* AIM OF THE EXERCISE: Transcribe the whole listing below. Pictures do not go in the copy.

* EXERCISE DATA:
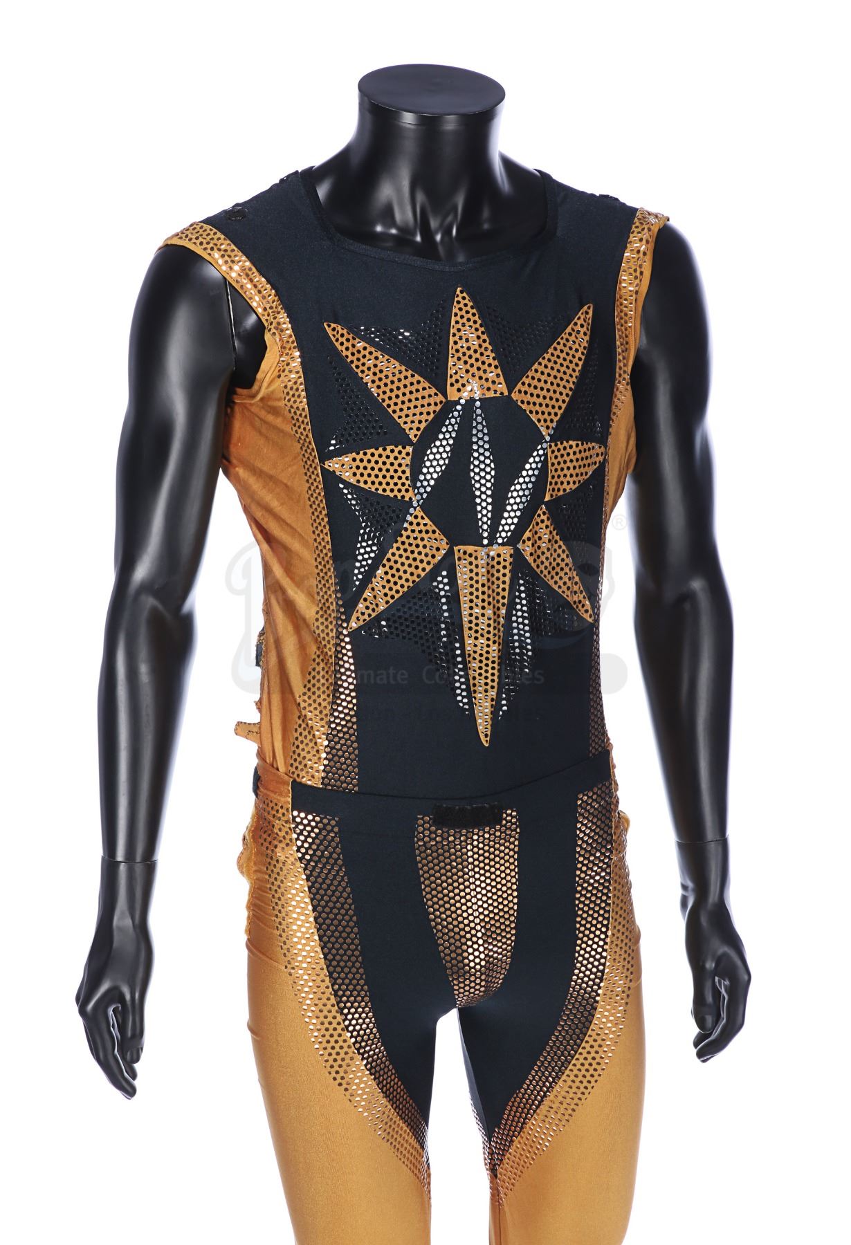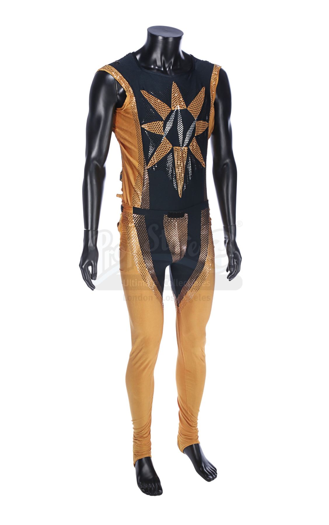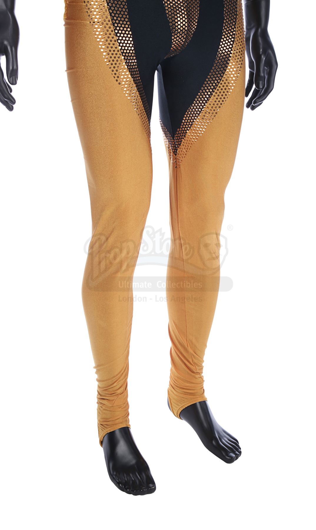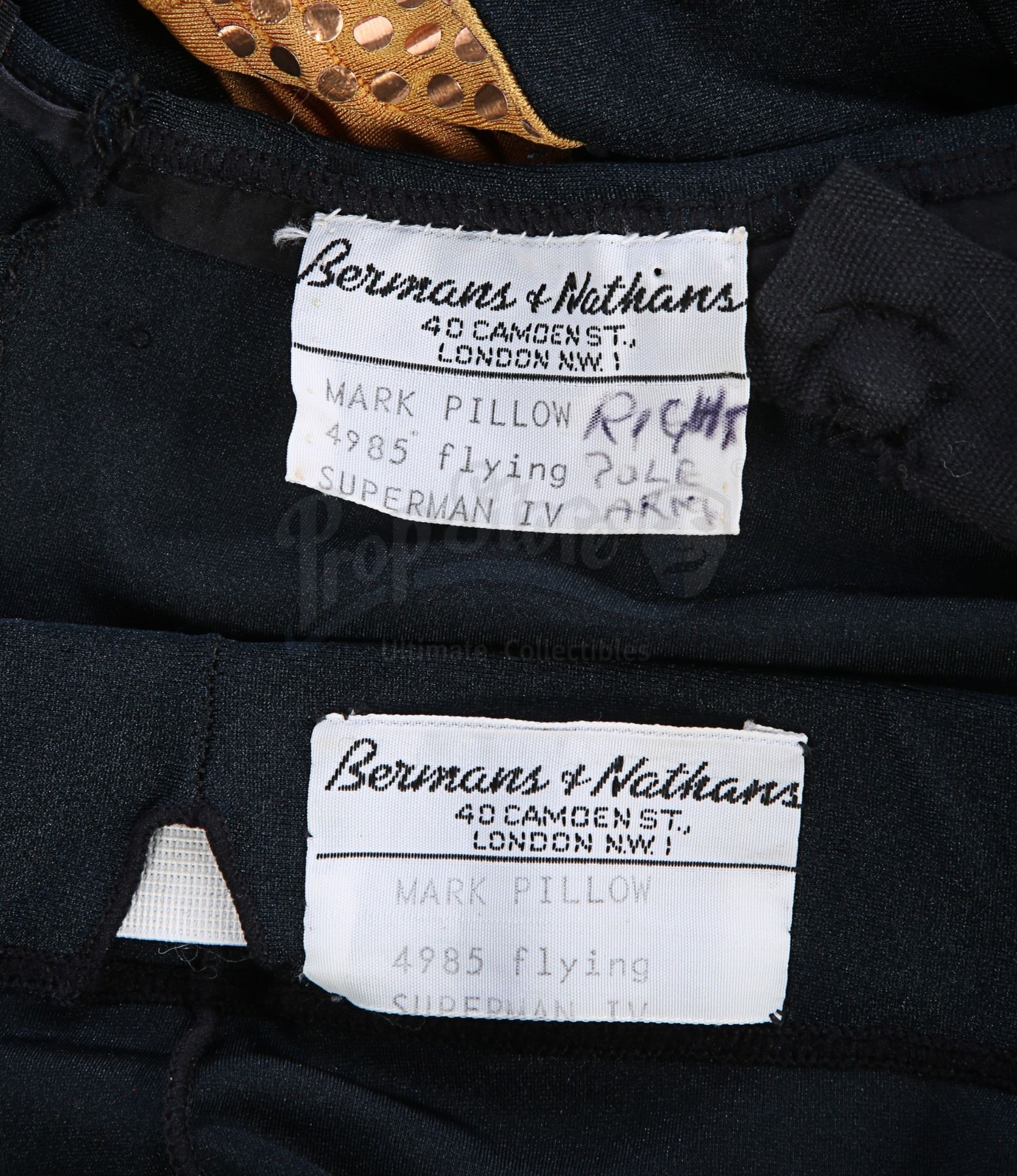 Created for the film's flight sequences, the custom gold-and-black leotard features an "N" in silver dots inside a star emblem. Four poppers run along the shoulders where the cape was attached. Made from matching fabric, the leggings display elasticated stirrups and Velcro patches around the waist. Bermans & Nathans labels inside both garments read "Mark Pillow 4985 flying Superman IV", with handwritten text reading "Right Pole Arm" in the leotard. Slits are present on the leggings for the attachment of a harness. The costume displays minor wear, dirt marks and comes with a wardrobe tag.
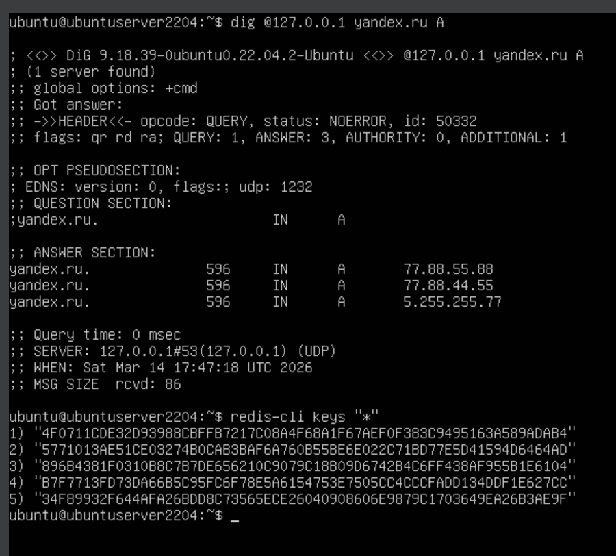 При поступлении запроса Unbound сначала проверяет собственный in-memory кэш. Если записи нет — обращается к Redis. Если нет и в Redis — уходит за ответом к авторитетному серверу, после чего сохраняет результат в оба кэша.
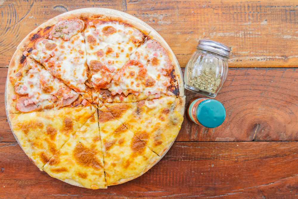 Queso, jamón, cebolla, chile dulce y salsa de pizza.

* FINISHED TASK:
 Created for the film's flight sequences, the custom gold-and-black leotard features an "N" in silver dots inside a star emblem. Four poppers run along the shoulders where the cape was attached. Made from matching fabric, the leggings display elasticated stirrups and Velcro patches around the waist. Bermans & Nathans labels inside both garments read "Mark Pillow 4985 flying Superman IV", with handwritten text reading "Right Pole Arm" in the leotard. Slits are present on the leggings for the attachment of a harness. The costume displays minor wear, dirt marks and comes with a wardrobe tag.
 При поступлении запроса Unbound сначала проверяет собственный in-memory кэш. Если записи нет — обращается к Redis. Если нет и в Redis — уходит за ответом к авторитетному серверу, после чего сохраняет результат в оба кэша.
 Queso, jamón, cebolla, chile dulce y salsa de pizza.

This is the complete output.